### Load QM9 model and predict

In [1]:
from megnet.models import MEGNetModel
import numpy as np
from operator import itemgetter
import json

def predict(model, graph):
    """
    predict from graph
    """
    return model.predict(model.graph_convertor.graph_to_input(graph)).ravel()[0]

def get_graph_from_doc(doc):
    """
    Convert a json document into a megnet graph
    """
    atom = [i['type'] for i in doc['atoms']]

    index1_temp = [i['a_idx'] for i in doc['atom_pairs']]
    index2_temp = [i['b_idx'] for i in doc['atom_pairs']]
    bond_temp = [i['spatial_distance'] for i in doc['atom_pairs']]

    index1 = index1_temp + index2_temp
    index2 = index2_temp + index1_temp
    bond = bond_temp + bond_temp
    sort_key = np.argsort(index1)
    it = itemgetter(*sort_key)

    index1 = it(index1)
    index2 = it(index2)
    bond = it(bond)
    graph = {'atom': atom, 'bond': bond, 'index1': index1, 'index2': index2, 'state': [[0, 0]]}
    return graph

# load scalers
with open('../mvl_models/qm9/scaler.json', 'r') as f:
    scaler = json.load(f)
    
# load an example qm9 document
with open('../megnet/data/tests/qm9/000001.json', 'r') as f:
    doc = json.load(f)
# convert to a graph
graph = get_graph_from_doc(doc)

Using TensorFlow backend.


In [2]:
# all target names
names = ['mu', 'alpha', 'HOMO', 'LUMO', 'gap', 'R2', 'ZPVE', 'U0', 'U', 'H', 'G', 'Cv', 'omega1']


y_pred = []
y_true = []

print('*** Result Comparisons ***')
print('Target\tMEGNet\tQM9')

for i in names:
    model = MEGNetModel.from_file('../mvl_models/qm9/' + i+'.hdf5')
    pred = predict(model, graph) 
    
    # if it is an extrinsic quantity, multiply by number of atoms
    # else multiply by 1
    if scaler[i]['is_per_atom']:
        n = len(graph['atom'])
    else:
        n = 1
    # inverse transform of x_transform = (x-x_mean)/x_standard_deviation to get x
    pred = (pred * scaler[i]['std'] + scaler[i]['mean'])  * n
    
    y_pred.append(pred)
    y_true.append(doc['mol_info'][i])
    print('%s\t%.3f\t%.3f' %(i, y_pred[-1], float(y_true[-1])))

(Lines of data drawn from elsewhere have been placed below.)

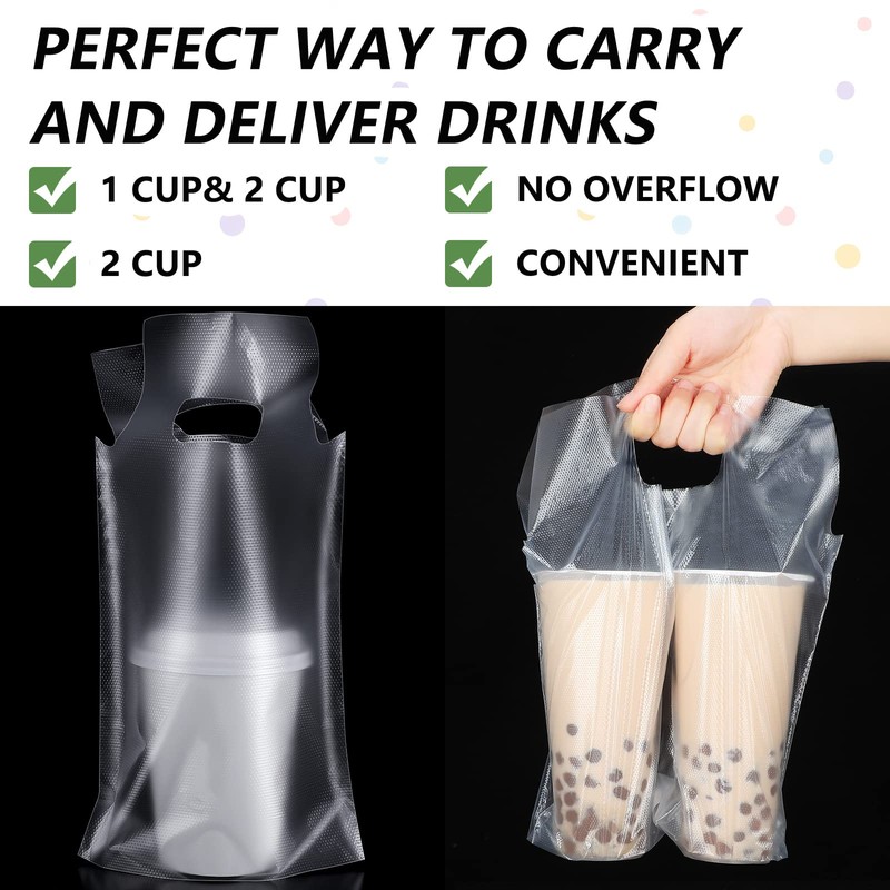 Features:Widely applied:These poly bags with handles can be applied in various places, such as drinking shops, coffee shops, restaurants, home, holiday parties, and more. And they are light and easy to carry.Share with others:The clear plastic cup holder with transparent surfaces, which are nice for various beverages and can be shared with your friends, family members, neighbors, etc.Specifications:Material: polyethylene plasticColor: transparentSize: 16 x 26 cm/ 6.3 x 10.2 inches, 31 x 26 cm/ 12.2 x 10.2 inchesPackage includes:500 x Handle drinking poly bagsNotes:Manual measurement, please allow slight errors in size.The color may exist a slight difference due to different screen displays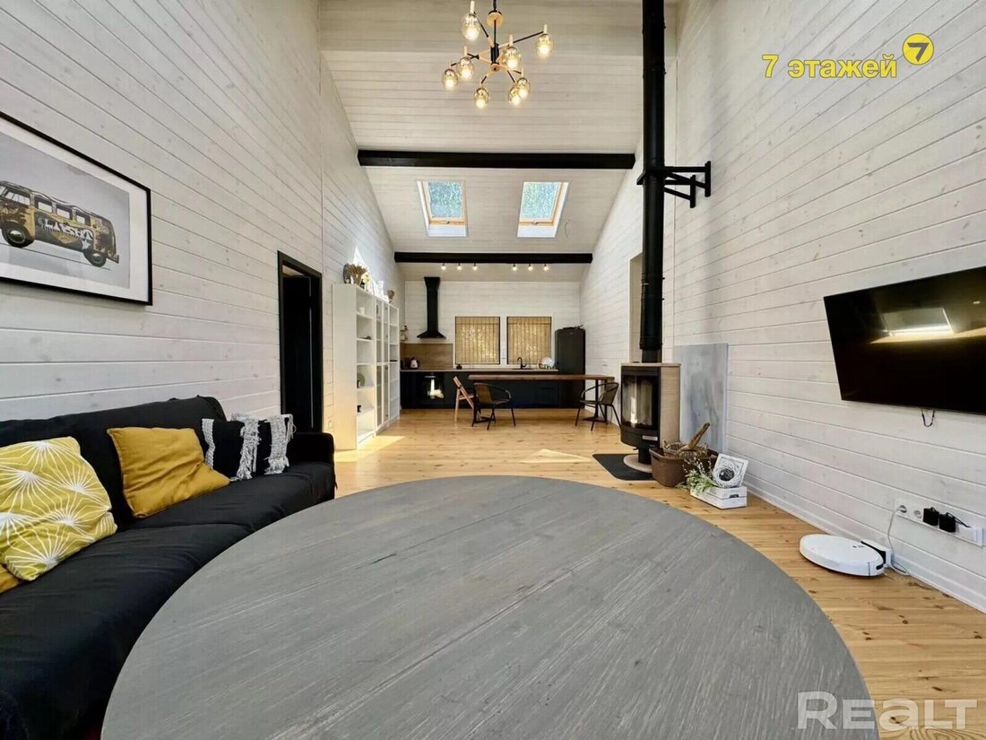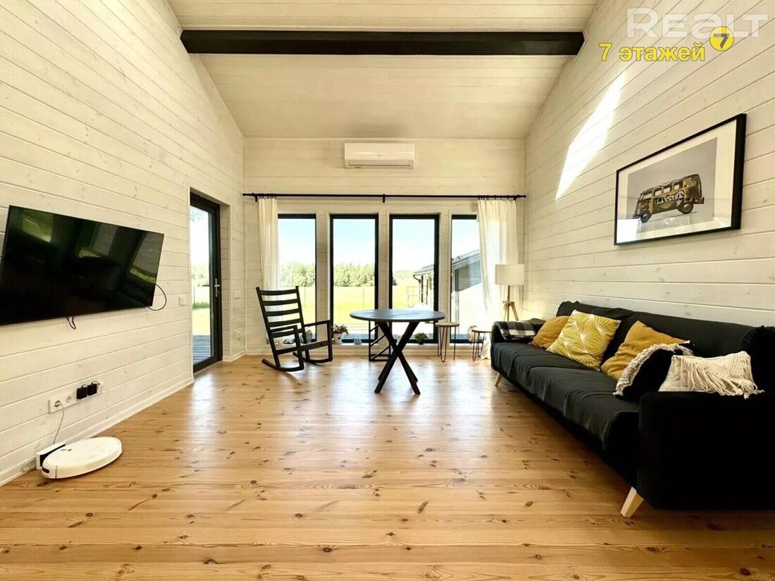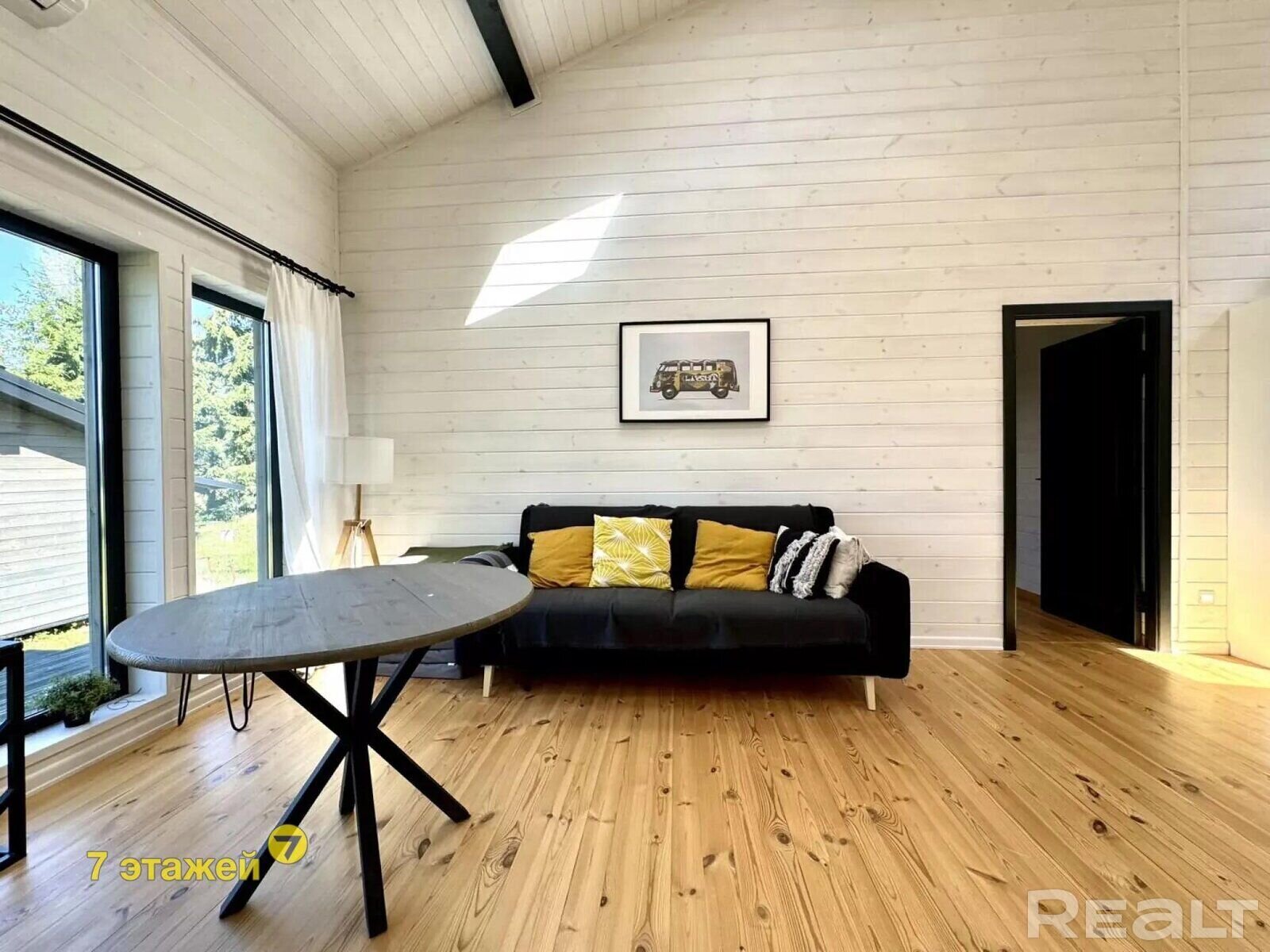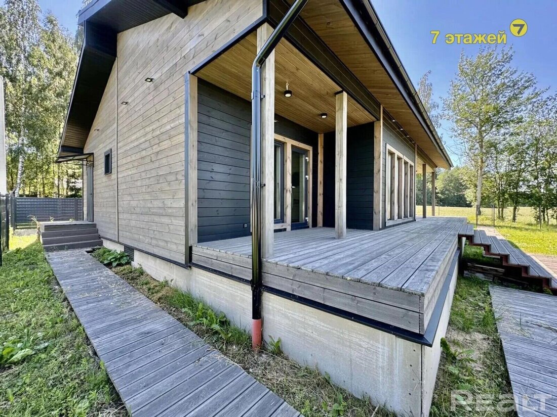 В Минском районе продается хороший современный дом: тут высокие потолки, установлены окна в пол, есть терраса, четыре спальни и коммуникации, позволяющие оставаться жить и зимой. Его отдают по хорошей цене. Взгляните, как выглядит.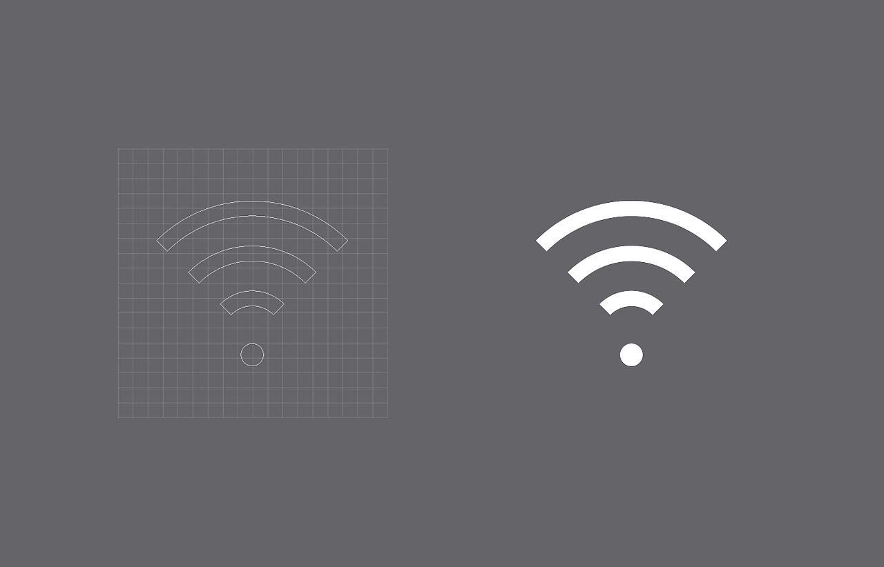샘플 4. 1/4원(90도 부채꼴)을 사용한 와이파이 아이콘입니다. 4개의 요소로 이루어져 있습니다.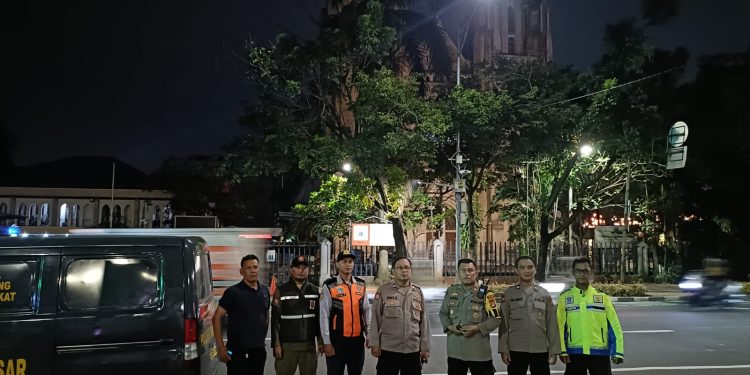 Jakarta Pusat — Selesai Sholat Tarawih di bulan suci Ramadhan jelang malam hari Tiga Pilar Kecamatan Sawah Besar melaksanakan Apel dan Patroli Mobile 3 Pilar guna mengantisipasi gangguan kamtibmas di wilayah hukum Polsek Sawah Besar, Polres Metro Jakarta Pusat, Selasa (24/2/2026) pukul 22.45 WIB Kegiatan dipimpin IPTU Syafrizal dengan sasaran kawasan Lapangan Banteng, Masjid Istiqlal, dan Gereja Katedral untuk menjaga situasi tetap aman menjelang tengah malam.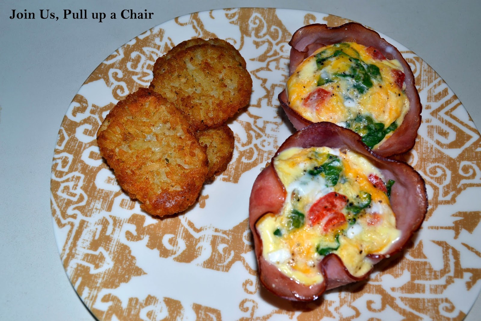 Line each baking cup with a piece of ham. Divide the egg mixture between each cup. Bake for 15 to 20 minutes or until eggs are completely cooked. The tops will be puffy but will collapse after removing them from the oven.

*** Result Comparisons ***
Target	MEGNet	QM9
mu	-0.008	0.000
alpha	13.127	13.210
HOMO	-10.557	-10.550
LUMO	3.241	3.186
gap	13.622	13.736
R2	35.975	35.364
ZPVE	1.215	1.218
U0	-17.166	-17.172
U	-17.353	-17.286
H	-17.420	-17.389
G	-16.107	-16.152
Cv	6.427	6.469
omega1	3151.626	3151.708


### Predict from SMILES

In [4]:
from pymatgen.io.babel import BabelMolAdaptor
import pybel as pb
import openbabel as ob

ATOMNUM2TYPE = {1: 1, 6: 2, 7: 4, 8: 6, 9: 8}

class AtomNumberToTypeConvertor:
    def __init__(self, mapping=ATOMNUM2TYPE):
        self.mapping = mapping
    
    def convert(self, l):
        return [self.mapping[i] for i in l]

In [5]:
MODEL_NAME = 'HOMO'

model = MEGNetModel.from_file('../mvl_models/qm9/%s.hdf5' % MODEL_NAME)
# The default convertor works to convert the atom to Z
# We need to convert Z to the type in QM9 dataset
model.graph_convertor.atom_convertor = AtomNumberToTypeConvertor() 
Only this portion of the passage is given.